The managing director of a smallish business broker based in Bath contacted me this week. In the last three weeks he has been contacted by 17 independent estate agents based solely in the UK and another 4 specialising in overseas investment property all looking to dispose of their businesses in a hurry. It is not, as the firm’s MD pointed out, a “ringing endorsement of the property market.”
On the other hand, while selling up last year would have been a better move for the average agent, selling up now is still a good one. Estate agents don’t necessarily need house prices to keep rising to keep making good profits but they do need people to keep buying and selling houses: whether they sell a house for £500,000 or £550,000 is neither here nor there to the average agent (it makes a difference of £1000 to their take if you assume a commission rate of 2%) but whether they sell one of them or two of them is (that makes a difference of £10,000).

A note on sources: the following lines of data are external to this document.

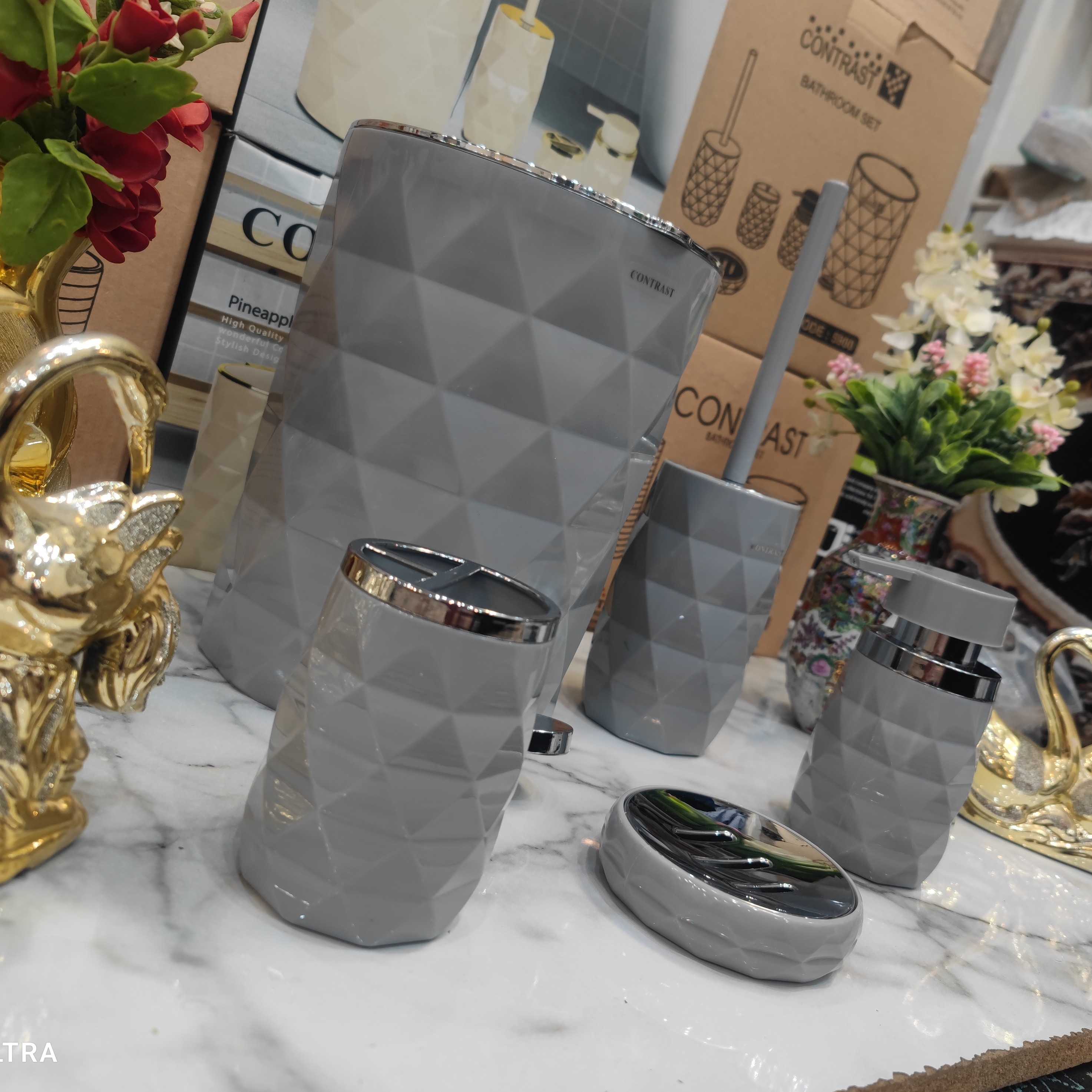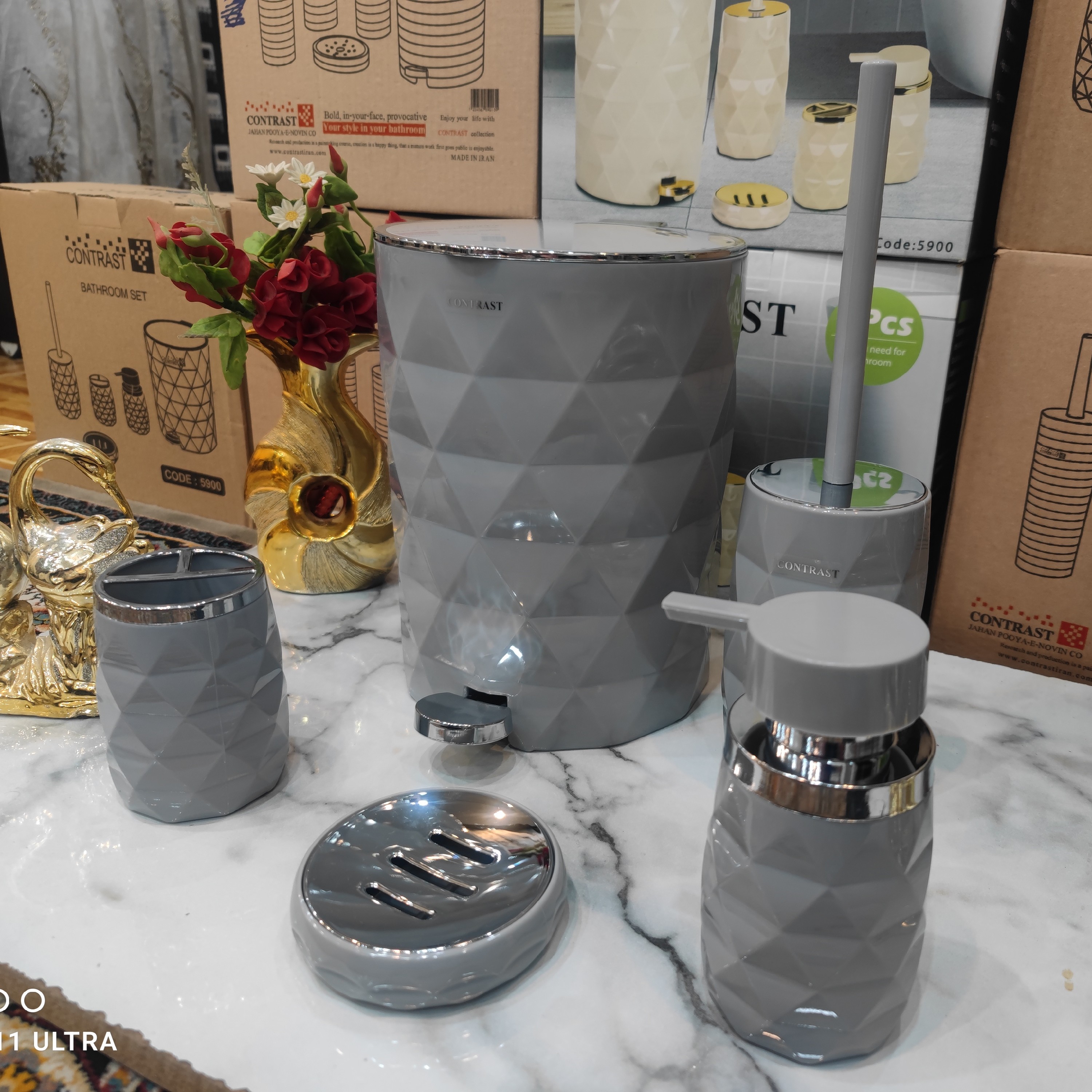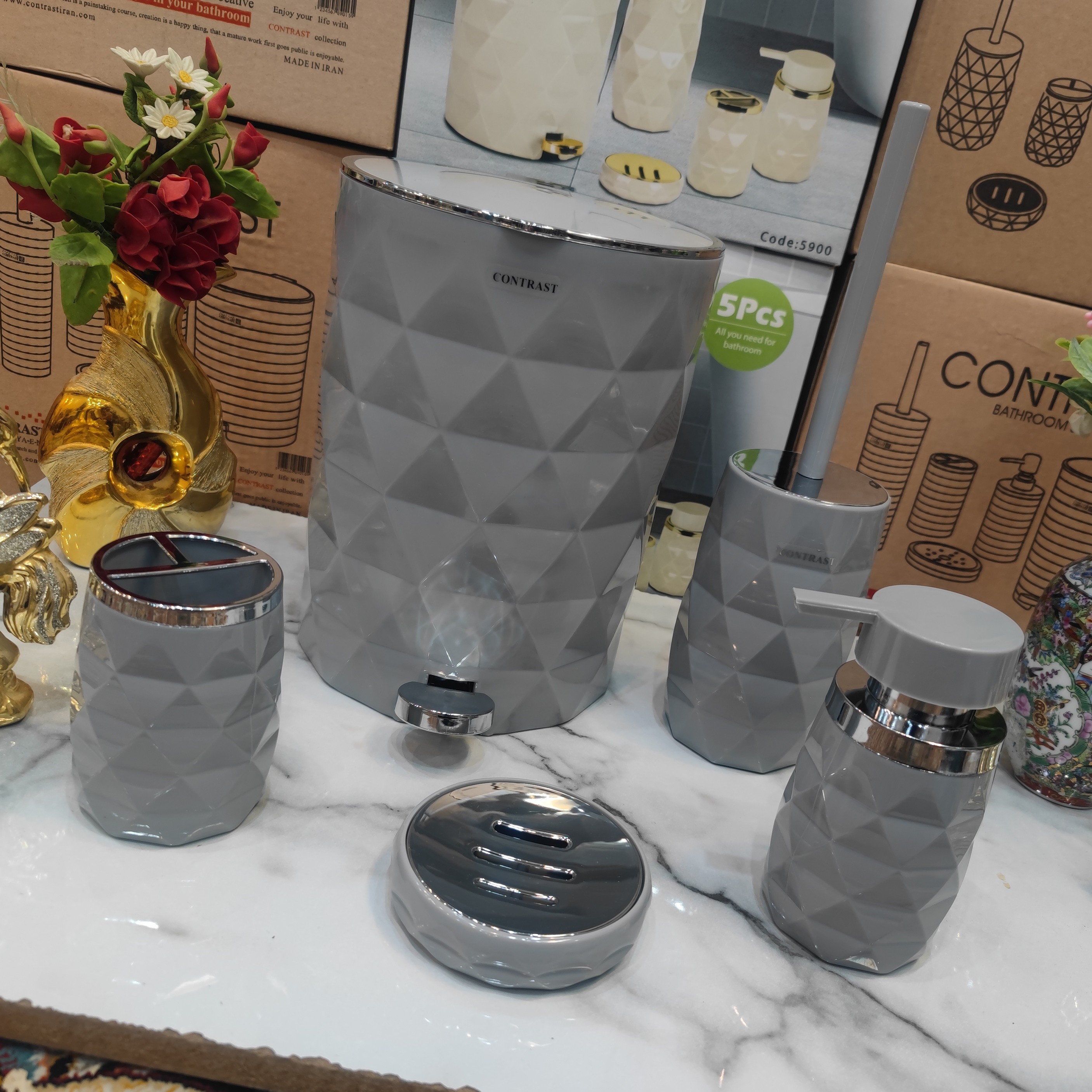 ست 5پارچه سرویس بهداشتی طرح شکیل آناناسی برند کنتراست رنگ زیبا و جذاب و پرطرفدار طوسی روشن کروم نو آکبند مبلمونسرا مدل 266216
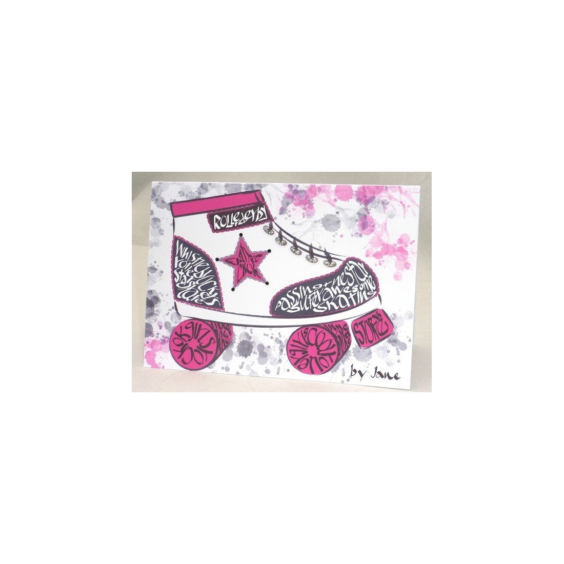 Une carte de patin à roulettes unique finie à la main. Conçu en utilisant la calligraphie dans des mots et des phrases qui reflètent la scène du roller derby. Des paillettes dans les œillets et des diamants autour de l'étoile font briller cette magnifique carte. Disponible dans les tons de rose ou de rouge.
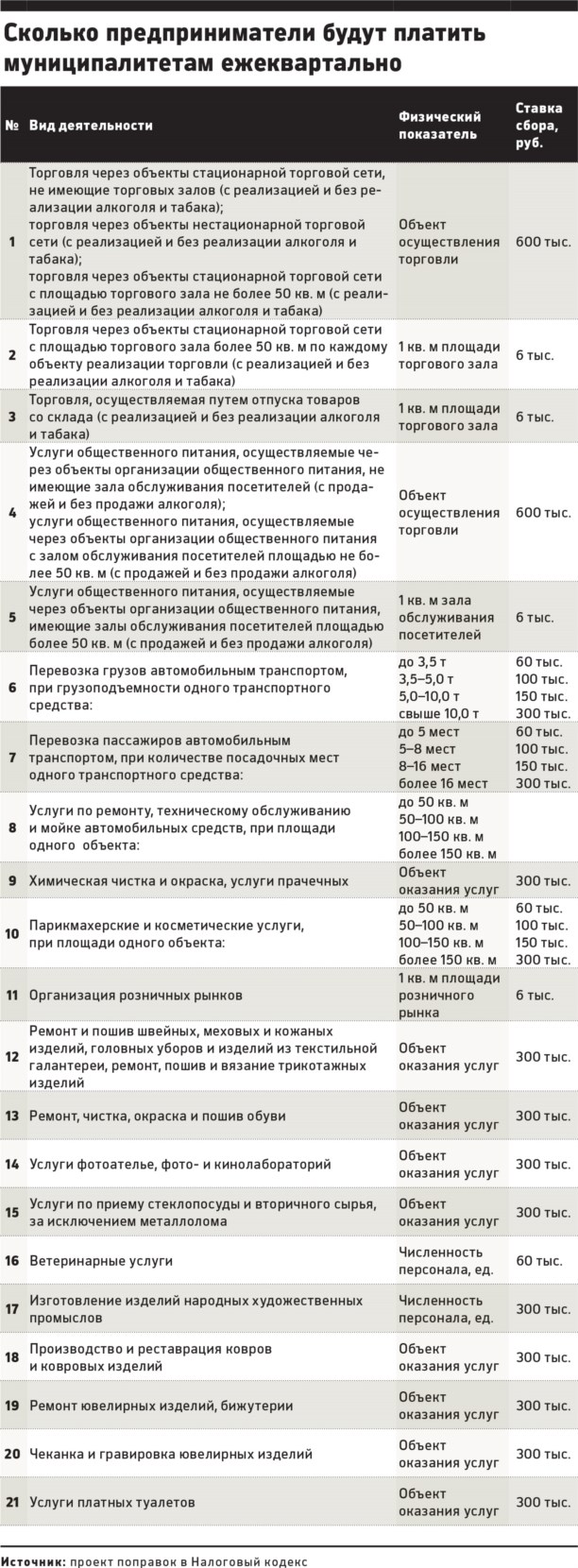 За основу к новому сбору бюджет-комитет Госдумы взял пакет поправок в Налоговый кодекс. Так, объектом сбора «признаётся использование движимого и недвижимого имущества для осуществления предпринимательской деятельности». Размер налога будет зависеть от вида деятельности и размера помещения. За каждый квадратный метр торгового зала или кафе площадью свыше 50 кв. м владелец будет платить по 6 тысяч руб. Если зал меньше или его нет — 600 тысяч рублей раз в три месяца.

Right now transactions are in free fall (note that mortgage approvals are at a three year low) and likely to stay that way given the fact that the subprime mortgage market, which was financing much of the UK’s bubble, has pretty much shut up shop and that uncertainity has put a lid on the prime market.
At least an estate agent trying to sell now can point to the good profits it made in 2006 and 2007 in its efforts to get a reasonable price for its businesses. Any that leaves it until 2009 will only be able to point to the miserable losses it made in 2008.